5-593 is a small, black-seeded germplasm line developed by Dr. Mark Bassett at the University of Florida (Bassett 1992). It was selected because it is day-neutral with a relatively short harvest maturity, has a determinate bush growth habit, is lodging resistant, and is robust to the abiotic stresses of northern Florida. 5-593 was selected from B-351, a black-seeded line developed by Dr. James Beaver at the University of Puerto Rico–Mayaguez from the cross ‘Bonita’ × ‘Jamapa’ (both race Mesoamerica). 5-593 originated from B-351 as an F_2:3 derived determinate mutant from a seed irradiation experiment (McClean and Schmutz 2024). This line has been deposited in the genetics stocks collection (PI 608674) of the NPGS germplasm repository in Pullman, WA. Its seed weighs 22 g per 100 seeds.
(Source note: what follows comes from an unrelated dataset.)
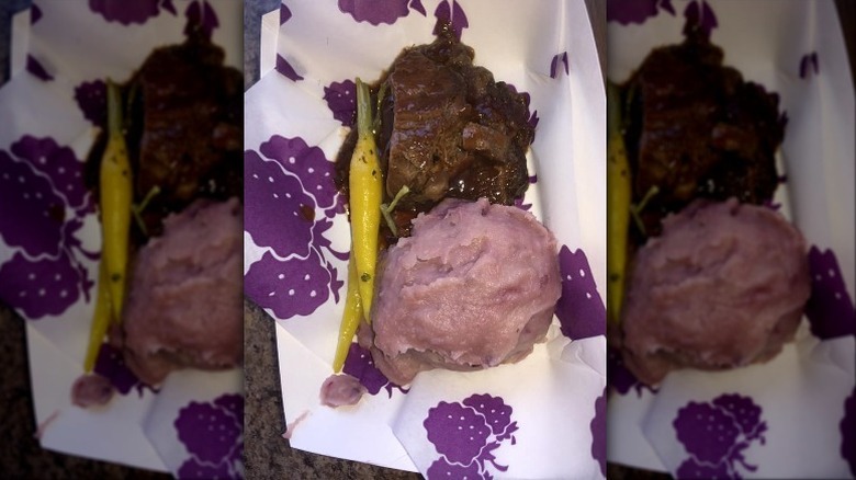 This is one you're simply going to have to taste to believe — a fruity twist on an all-time classic. It's Knott's Berry Farm's pot roast with boysenberry mashers. What are mashers, you ask? Just mashed potatoes, only these are blended with boysenberries. It gives the dish a purple hue that's probably unlike any other kind of mashed potatoes you've had before in your life.

The F₁ was grown in the OSU greenhouses during the winter/spring of 1997 under short days and harvested in bulk to produce F₂ seed (Table 1). The F₂ seeds were planted in the field at the OSU Vegetable Research Farm on 20 Jun and were grown to maturity. Plants with determinate growth habit and early flowering and maturity were selected from this population. Single plants were harvested with only 31 determinate, early maturing types retained. After harvest, up to 10 seeds of each single plant were tested for popping percentage. Remnant seeds of those plants that had some evidence of cotyledon expansion from popping were planted in the greenhouse in the spring of 1998. A total of 156 F₃ plants were grown, which generated 354 F₄ plants when planted in the field in 1998. After popping tests during the spring of 1999, these lines generated 1450 F₅ plants grown in the field in that year (Table 1). These lines were again tested for popping ability (Table 2). In 2000, the project was shelved because of the popping bean utility patent, but seed was regenerated in 2007, when F₅ selections with the highest popping ability were grown. Seed was bulked to produce F_5:6 families. Continuing from 2008–19, 24 lines were advanced in the field from the F_5:7 to F_5:11. Popping was again evaluated in 2011 in the F_5:9 generation (Table 2), coinciding with the abandonment of US 6,040,503. In 2019, seeds of P02 to P05 were provided to Dr. Carol Miles at Washington State University (WSU) at Mount Vernon, where they were placed into an unreplicated yield trial and used for seed increase (Miles et al. 2019). In 2021, seed was provided to Dr. Jim Heitholt at the Powell Research and Extension Center, University of Wyoming (UWY), Powell, where they were grown in a novelty dry bean yield trial. Seeds from the Mount Vernon trial were provided to the WSU Food Processing Extension and Research program in 2022 for proximate techno-functional analysis (Rezaey et al. 2024). In 2024, they were planted at the OSU Vegetable Research Farm, Corvallis, OR, where they were grown using conventional production methods, and at the OSU Lewis Brown Research Farm, where they were grown in a certified organic field. Seed was also provided to the dry bean breeding program at USDA–Agricultural Research Station/Michigan State University (MSU), East Lansing, MI, in 2024 for increase and evaluation of popping ability and phytohemagglutinin assays.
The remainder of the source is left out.